In case there is no other way, what is the most recommended way to format it? The model is Samsung SM-J510MN
i appreciate your help


----------



## flmatter (Jul 22, 2019)

Try this  or maybe here    the 2 sites may have the  same info.  Factory reset may be the best way but you lose all data saved in phone


----------



## Komshija (Jul 23, 2019)

Factory reset will not solve the problem. It did up to Android 5.0. If you initiate factory reset it might (I assume) ask you for your email and password. I've never been there with Android 5.0+ phones, so I don't know the exact procedure. If you don't have an email and installed apps in .apk variant, you'll have to make hard reset, wipe everything and bring it to someone in your vincinity who can unlock it and bypass security. Look for the shops that fix phones and/or electronic components and ask whether they can unlock it and for how much.


----------



## Cpt.Fox (Jul 24, 2019)

flmatter said:


> Try this  or maybe here    the 2 sites may have the  same info.  Factory reset may be the best way but you lose all data saved in phone


have you tried any of these methods?




Komshija said:


> Factory reset will not solve the problem. It did up to Android 5.0. If you initiate factory reset it might (I assume) ask you for your email and password. I've never been there with Android 5.0+ phones, so I don't know the exact procedure. If you don't have an email and installed apps in .apk variant, you'll have to make hard reset, wipe everything and bring it to someone in your vincinity who can unlock it and bypass security. Look for the shops that fix phones and/or electronic components and ask whether they can unlock it and for how much.

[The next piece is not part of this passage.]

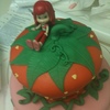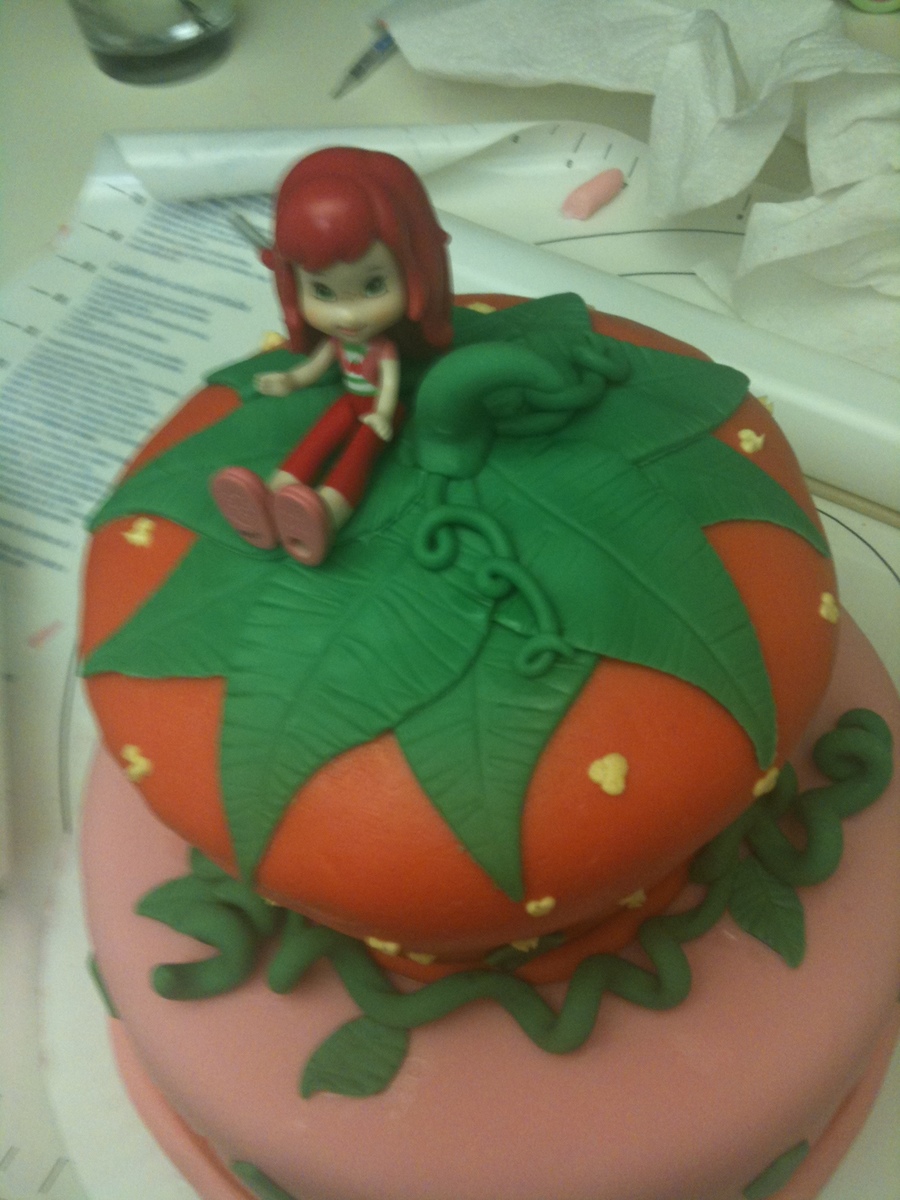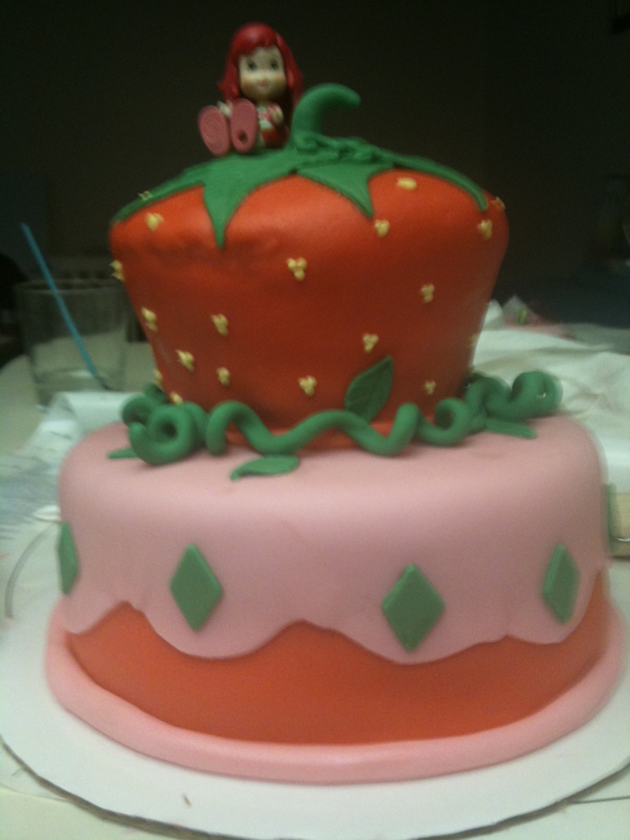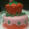 Vanilla cake with fresh strawberry frosting filling, covered in fondant.

What do you mean by installed apps in apk variant? By hard reset i guess you mean this. I will search for a reliable electronic repair store
Thx guys


----------



## flmatter (Jul 24, 2019)

foxslink said:


> have you tried any of these methods?


No I have not, I have not been unfortunate to forget passwords.  I have had friends do it and fastest way, at least for me, was factory reset and start from scratch. It sucks if you had important documents or photos on it.


----------